- _Assignment_: Somewhere below is a line with "Convite de aniversário" and, later, a line with "师生作题为《基于工况同步辐射"; repeat those two lines and all the lines between them, exactly as they are.

- _Data records_:
-------

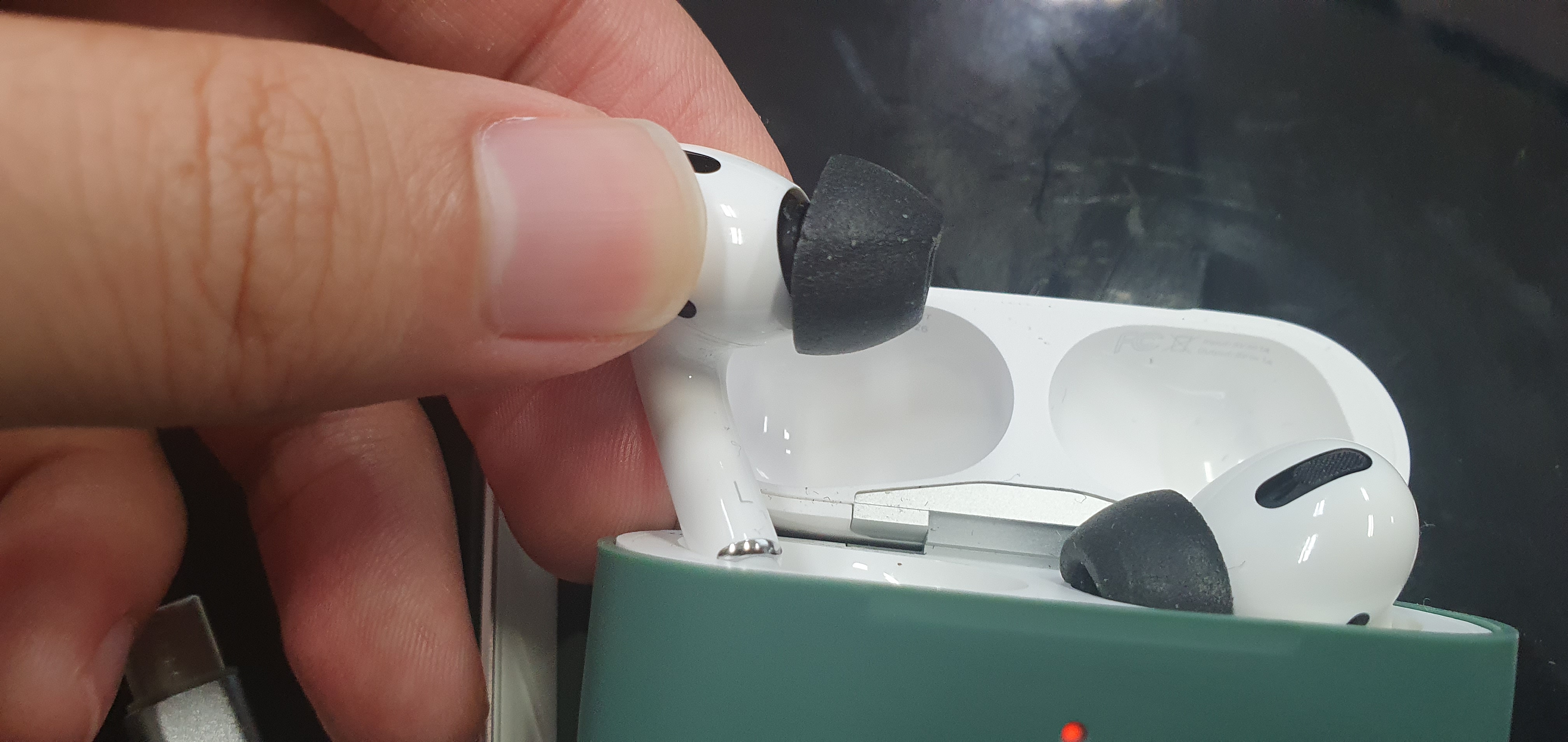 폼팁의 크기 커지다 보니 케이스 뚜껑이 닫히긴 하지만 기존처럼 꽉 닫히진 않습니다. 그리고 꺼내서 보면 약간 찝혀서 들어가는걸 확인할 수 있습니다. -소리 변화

-------

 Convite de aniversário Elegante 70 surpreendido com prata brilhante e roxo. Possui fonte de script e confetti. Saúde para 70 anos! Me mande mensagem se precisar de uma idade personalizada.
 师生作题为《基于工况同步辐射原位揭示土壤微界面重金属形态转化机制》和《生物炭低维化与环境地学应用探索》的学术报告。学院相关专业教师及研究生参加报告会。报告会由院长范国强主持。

-------

- _Output of the exercise_:
 Convite de aniversário Elegante 70 surpreendido com prata brilhante e roxo. Possui fonte de script e confetti. Saúde para 70 anos! Me mande mensagem se precisar de uma idade personalizada.
 师生作题为《基于工况同步辐射原位揭示土壤微界面重金属形态转化机制》和《生物炭低维化与环境地学应用探索》的学术报告。学院相关专业教师及研究生参加报告会。报告会由院长范国强主持。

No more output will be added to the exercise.